Prior to the enactment of the statute, no significant incentives existed to deter the filing of state prison petitions raising insubstantial issues, and so in federal courts each year prisoners file thousands of petitions and take thousands of appeals.

11

The new statute has extensive benefits. It recognizes that it is difficult to explain why we require full exhaustion of state remedies in habeas corpus cases involving life and liberty, but allow direct access in prison rights cases under § 1983. As Justice Stewart stated in Preiser v. Rodriguez, 411 U.S. 475, 491-92, 93 S. Ct. 1827, 1837, 36 L. Ed. 2d 439 (1973):

12

Since these internal problems of state prisons involve issues so peculiarly within state authority and expertise, the states have an important interest in not being bypassed in the correction of those problems. Moreover, because most potential litigation involving state prisoners arises on a day to day basis, it is most efficient and properly handled by the state administrative bodies and the state courts, which are, for the most part, familiar with the grievances of state prisoners and in a better physical and practical position to deal with those grievances.

13

In light of the plain mandatory language of the statute regarding exhaustion of remedies, the legislative purpose underlying the plain language, and the sound policy on which it is based, this court will henceforth require that prisoners filing § 1983 cases involving prison conditions must allege and show that they have exhausted all available state administrative remedies. A prisoner should attach to his § 1983 complaint the administrative decision, if it is available, showing the administrative disposition of his complaint. Exhaustion applies only to cases filed on or after April 26, 1996, the effective date of the Prison Litigation Reform Act. See White v. McGinnis, 131 F.3d 593, 595 (6th Cir.1997).

14

District courts should enforce the exhaustion requirement sua sponte if not raised by the defendant. The statutory language, "no action shall be brought" until all available remedies are "exhausted," should be interpreted to mean precisely what is obviously intended - that a federal court should not prematurely "decide" the merits of any such action.

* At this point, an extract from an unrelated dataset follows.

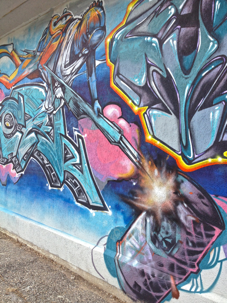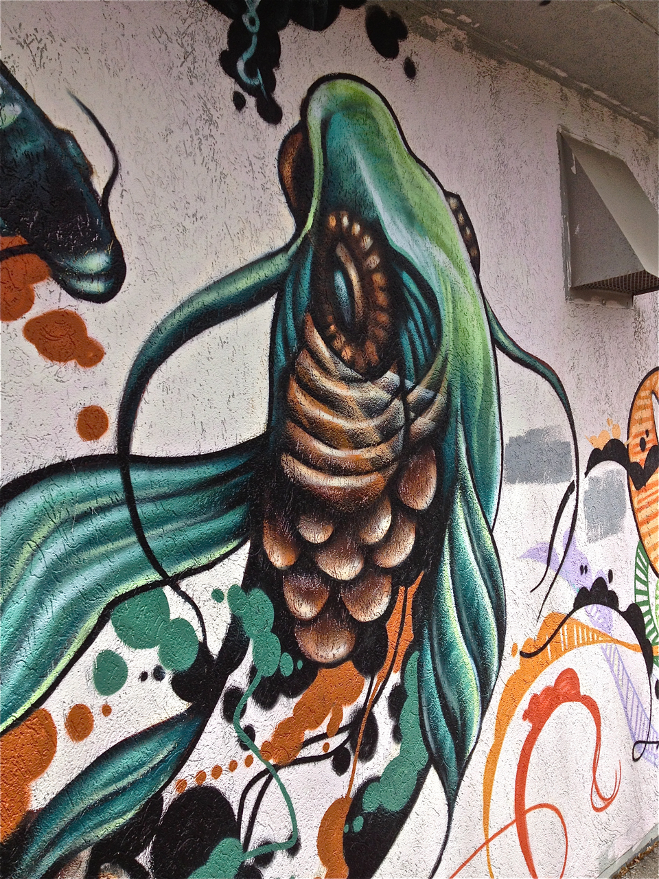 Although side 2 of the mural has a consistent coloration (mostly), it really is 4 smaller murals. The first one I call Octopus.

Federal courts should not adjudicate any such claim until after exhaustion unless the complaint satisfies § 1997e(c)(2). See also FED.R.CIV.P. 8(a) ("plain statement of federal court's jurisdiction" required and a "showing that the pleader is entitled to relief") and FED.R.CIV.P. 9(c) (requiring special pleading of "conditions precedent").

15

Because in the present case there is no indication that the requirements of the statute have been complied with, the case should be dismissed without prejudice, and the activity that the new statute contemplates should now occur--state adjudication of the claims.

16

Neither will this court process or decide the merits of any case on appeal that does not comply with the statute. Unless the record demonstrates that the requirements of the statute have been satisfied, the appeal should be dismissed without prejudice for failing to satisfy the exhaustion of available state remedies requirement.

17

Accordingly, the judgment of the district court is vacated and the case is remanded to the district court with instructions to dismiss the case without prejudice for failure to exhaust available administrative remedies as required by 42 U.S.C. § 1997e(a).